Edmundsson kam in den Testspielen vor der Saison kaum zum Einsatz. „Aber in den vergangenen 14 Tagen hat er sich wieder rangekämpft“, lobte Neuhaus. Darum habe er ihm eine Chance gegeben, die er gleich nutzte – zum Leidwesen der Kölner, die dadurch schon wieder mit zwei Pleiten in eine Bundesligasaison starteten. Als Edmundsson in der Schlussphase traf, hatte Köln das Spiel ganz gut im Griff. „Es sah nicht danach aus, dass wir verlieren würden“, ärgerte sich FC-Coach Markus Gisdol.

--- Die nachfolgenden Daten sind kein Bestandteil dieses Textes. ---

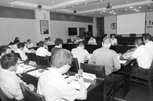 5月14日晚,周口農(nóng)行組織召開黨委中心組學(xué)習(xí)(擴大)會議,集體學(xué)習(xí)《金融互聯(lián)網(wǎng)知識講座》、《黨建知識及上級行黨建工作有關(guān)要求》等內(nèi)容。圖為學(xué)習(xí)現(xiàn)場。(彭濤 攝)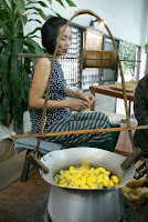 Place aux artisans (en fait plutôt à de belles PME !). Après avoir découvert comment on fabrique et pose la laque puis les décors en or sur les pots, vases, assiettes, etc..., (d'où nous sortons avec plusieurs jolies choses pour les amis, la famille, et nous) nous allons chez un important marchand de bijoux, d'où Françoise sortira avec une très belle bague en saphir jaune (mais là, c'est cadeau !). Puis, nous visitons un atelier de tissage de la soie (d'où Françoise sortira avec un très joli centre de table en soie), puis un atelier de celadon (porcelaine vert pâle, d'où Françoise ... non, elle a été raisonnable !). Notez que nous sommes dimanche : tout est ouvert, et beaucoup d'ouvriers travaillent "en HS".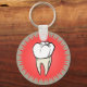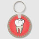 Keep your keys on this funny basic button keychain with a freshly pulled Molar on a red starburst. The background is a light beige.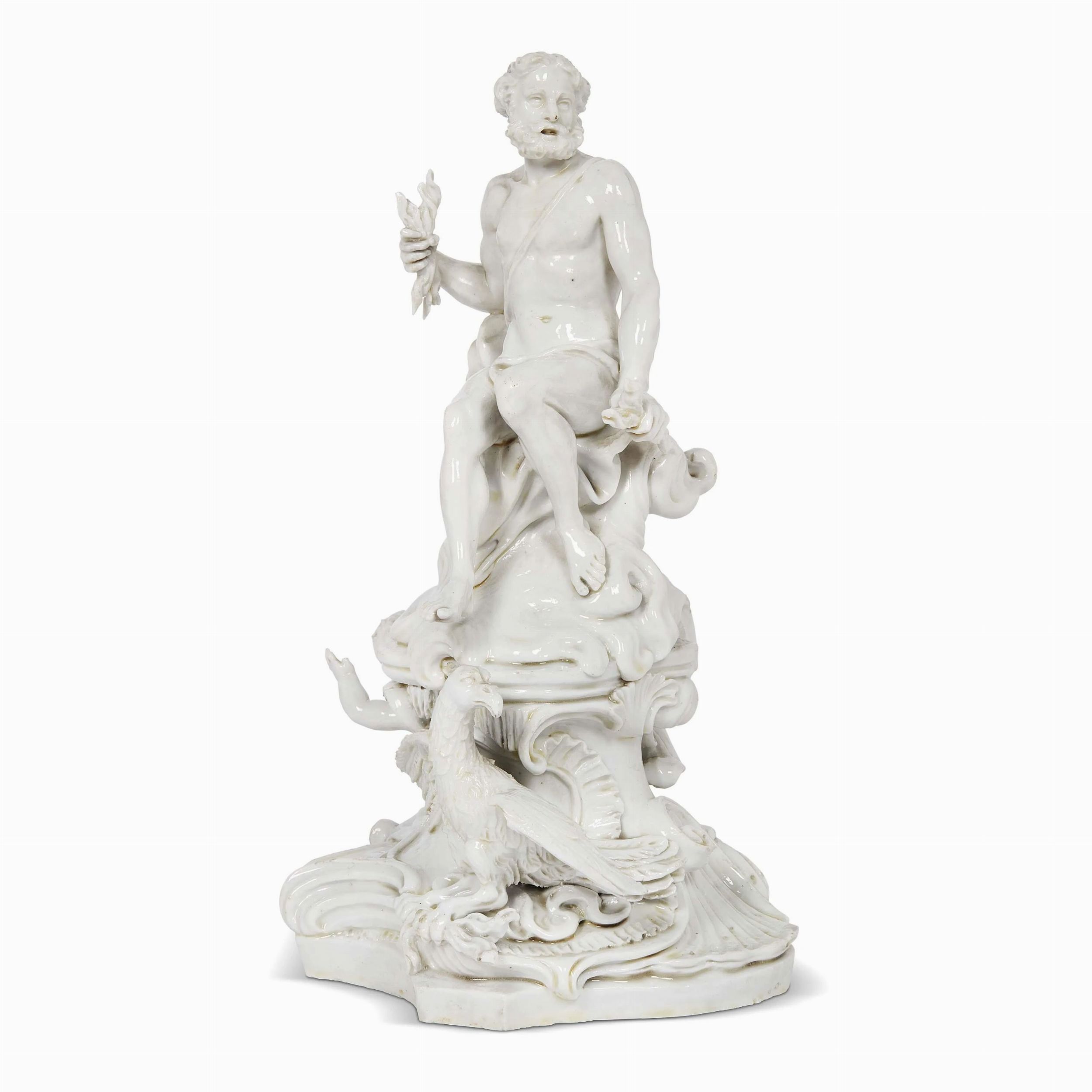 in porcellana bianca, raffigurante Zeus seduto su una nube che emerge da una base roccocò, con un fulmine nella mano destra pronto a scatenare una tempesta, mentre tra i nembi appare Eolo, già pronto a soffiare il vento, e un putto seduto con le manine alzate assiste alla scena. Il modellato e la materia sono quelli delle miglior produzione della manifattura veneziana, con confronti molto prossimi; cm 21,5x12,5x12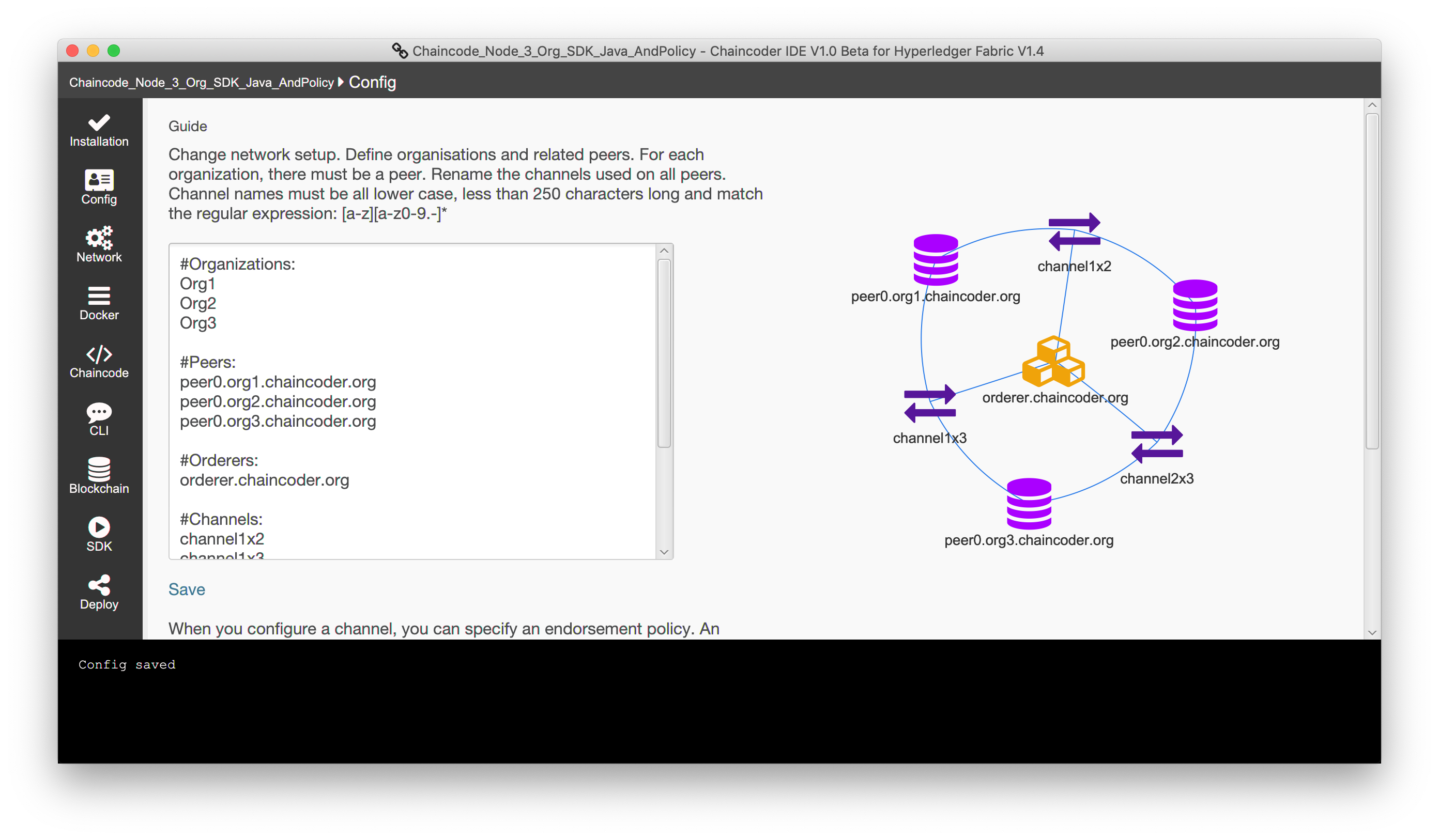 Additionally, Chaincoder lets you define any network setup required. It comes with several examples, one with a unusual network setup, having 3 organisations, which are connected to each other as pairs on 2 channels like a triangle. SOLO is used as orderer and an OR or AND endorsement policy is applied. Changes in configuration can be easily done. For a production release you will need a different setup with Kafka (or other) for the orderer and a different membership service provider.
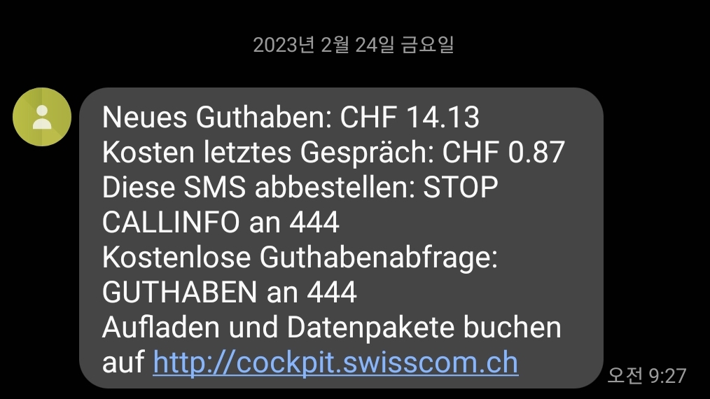 그나마 swisscom에서는 3G 무제한, 문자 무제한, 통화 분당 0.29프랑 요금제를 월 5프랑에 제공하고 있었다.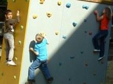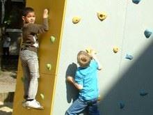 Klettern in der Schule, klettern im Kindergarten, klettern an der Boulderwand.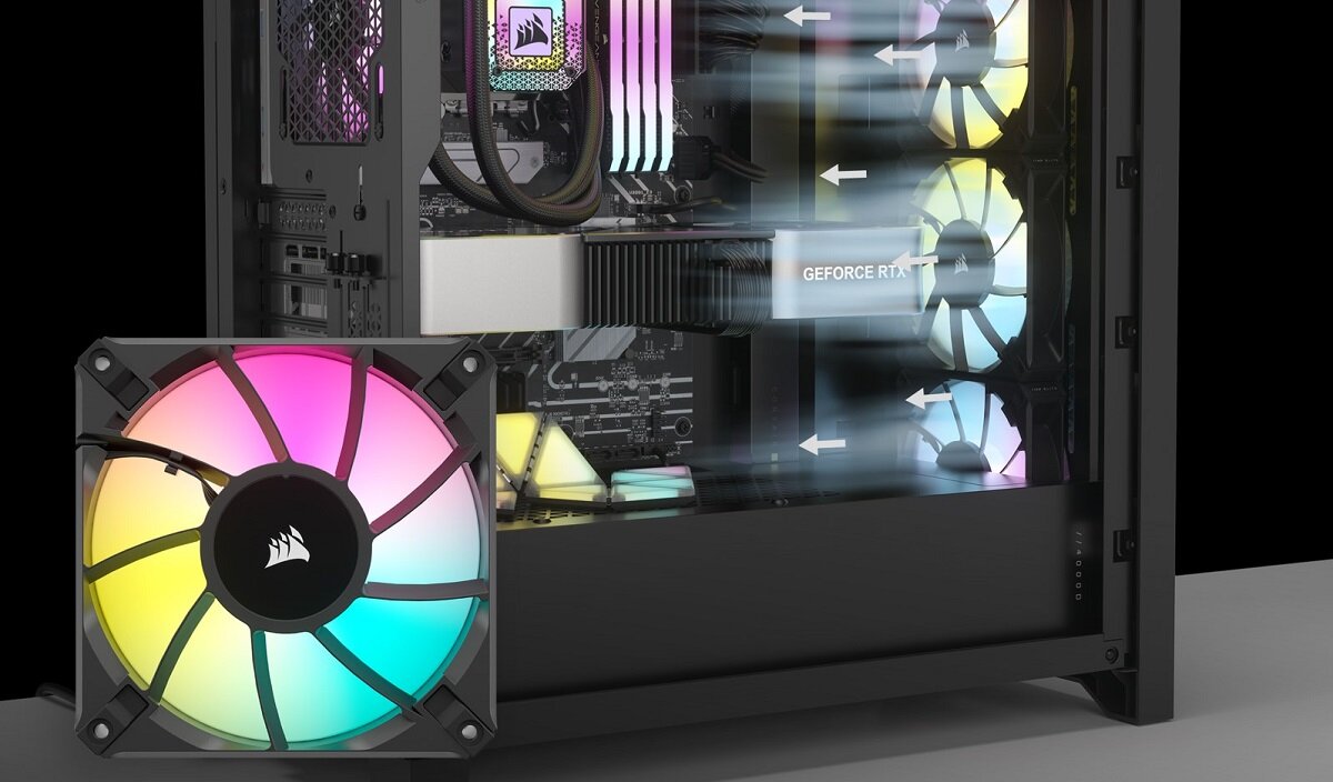 Wentylator ma inteligentny system oświetlenia RGB, który umożliwia wybór 8 różnych efektów świetlnych, w tym pulsowania, migania, rzeczywistego światła i wielu innych. Dodatkowo, dzięki możliwości sterowania oświetleniem za pomocą aplikacji iCUE, użytkownik ma możliwość kontroli nad kolorami i efektami wskaźnikami wentylatora.

Bundesliga-Geschichte geschrieben

Edmundsson, dessen erste Aktionen nach seiner Hereinnahme etwas ungelenk wirkten, schrieb dagegen Bundesliga-Geschichte. „Ich weiß, dass fast jeder auf den Färöer-Inseln auf die Bundesliga guckt, weil die Leute wissen, dass ich der erste Spieler hier von dort bin“, sagte er, nachdem er als erster Färinger in der Bundesliga getroffen und Arminia den ersten Heimsieg nach der Rückkehr ins Oberhaus gesichert hatte. Der Nationalspieler ist der einzige Profi von der zu Dänemark gehörenden Inselgruppe, der neben Keeper Gunnar Nielsen (debütierte 2010 für Manchester City) in einer europäischen Top-Liga Fuß fasste.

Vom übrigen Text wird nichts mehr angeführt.